You can use order() function for sorting data.frames.

# sort by int_col
order(df$char_col)
order(df$int_col)
df[order(df$char_col),]

A data.frame: 5 × 4
	int_col	char_col	log_col	double_col
	<dbl>	<fct>	<lgl>	<dbl>
row_2	5	a	TRUE	1.000000
row_3	3	a	TRUE	0.500000
row_1	1	b	TRUE	2.100000
row_4	4	d	FALSE	3.141593
row_5	2	e	TRUE	12.700000

Use - minus to sort descending

# sort by double_col
# rev
df[rev(order(df$int_col)), ]

A data.frame: 5 × 4
	int_col	char_col	log_col	double_col
	<dbl>	<fct>	<lgl>	<dbl>
row_2	5	a	TRUE	1.000000
row_4	4	d	FALSE	3.141593
row_3	3	a	TRUE	0.500000
row_5	2	e	TRUE	12.700000
row_1	1	b	TRUE	2.100000

You can also sor by multiple columns with order(column1, column2) or order(column1, -column2).

17.5.1 Manipulating `data.frames`

typeconvert
ifelse
createnew columns (calculate age) ?lubridate
missing remove
missing replace
edit with dataeditR

17.5.2 Tasks

17.5.3 Task 1

Write a code evaluates $y = x^2 + e, where x is a random number in range [0; 1].

Print calculation result as data.frame with columns X, E, Y.

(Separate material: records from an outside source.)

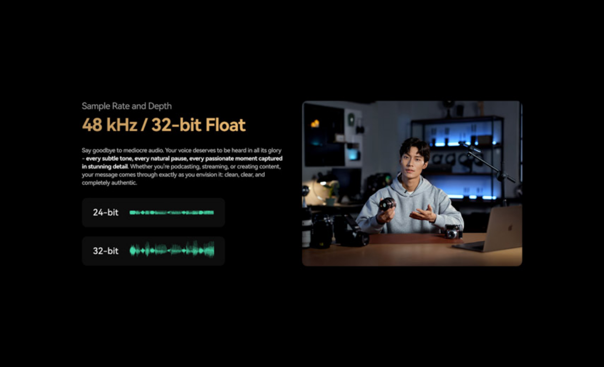 Bộ microphone thu âm Hollyland Lark Max 2 Ultimate Camera USB-C RX OWS Earphone sở hữu khả năng xử lý âm thanh 32-bit Float chuyên nghiệp. Công nghệ này giúp thiết bị ghi lại trọn vẹn dải động rộng mà không lo xảy ra tình trạng méo tiếng ở cường độ cao.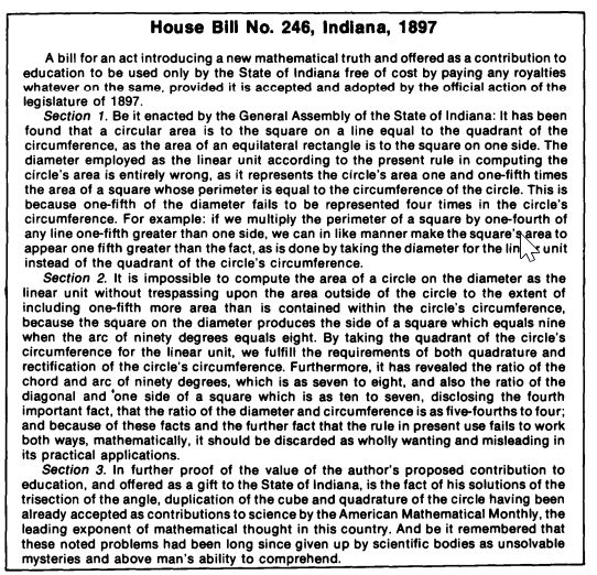 据资料记载,1894年,印第安纳州一位业余的数学家爱德华·古德温坚信自己发现了化圆为方的正确解法,并强烈要求州参议员通过法律的形式确定这一真理,并授权给印第安纳州免费使用,不收取任何形式的专利使用费。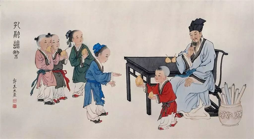 《三字经》有云:“融四岁,能让梨。悌于长,宜先知。”这句话说的是大家耳熟能详的东汉时期“孔融让梨”的故事。有一次,父亲的朋友带来了一盘新鲜的梨,父亲就让他们兄弟自幼至长分来吃。于是,最小的弟弟最先选了一个最大的给自己。而稍后的孔融则选了最小的一个给自己。父亲暗暗欣喜,脸上却平静地问孔融说:“你为什么拿个最小的梨呢?”孔融回答:“我年龄小,就应该吃最小的,让哥哥们吃大的。”父亲又问他说:“那小弟比你还小,为什么又拿了最大的?”孔融则说:“弟弟还小,不懂事,所以我们都要让着他。”
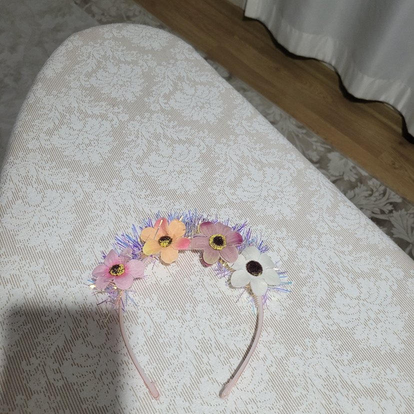 Çocuklar için pastel renkli çiçek süslemeleri ve dantel detaylı taç, bohem ve retro tarzda.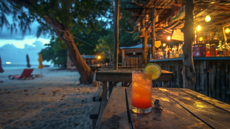 Red cocktail with orange slice on a table by the blue green sea video Royalty Free Stock Video Footage

Use plot() funtion to visualize X vs Y as line chart (type = l or b).

Solution

# initiate data.frame
df <- data.frame(X = 1:10,
                 E = sample(5, 10, replace = T),
                 Y = NA)
head(df)

A data.frame: 6 × 3
	X	E	Y
	<int>	<int>	<lgl>
1	1	4	NA
2	2	1	NA
3	3	2	NA
4	4	3	NA
5	5	2	NA
6	6	2	NA

df$Y <- with(df, X^2 + E)
head(df)

A data.frame: 6 × 3
	X	E	Y
	<int>	<int>	<dbl>
1	1	4	5
2	2	1	5
3	3	2	11
4	4	3	19
5	5	2	27
6	6	2	38

plot(df$X, df$Y, type="l", col = "blue")

17.5.4 Task 2

Install package and load package ISLR
Save dataset Credit into variable credit_data.
Check dataset structure with str() function.
Convert Student status “yes/no” to 1/0
Order dataset by Rating descending
Filter only Age > 50 with Rating > 400, how many records do you get?
Evaluate average Income for Married = YES Married = NO with Age in range [20,30]

7.1 Make the same for Age [30;40] Any conclusion?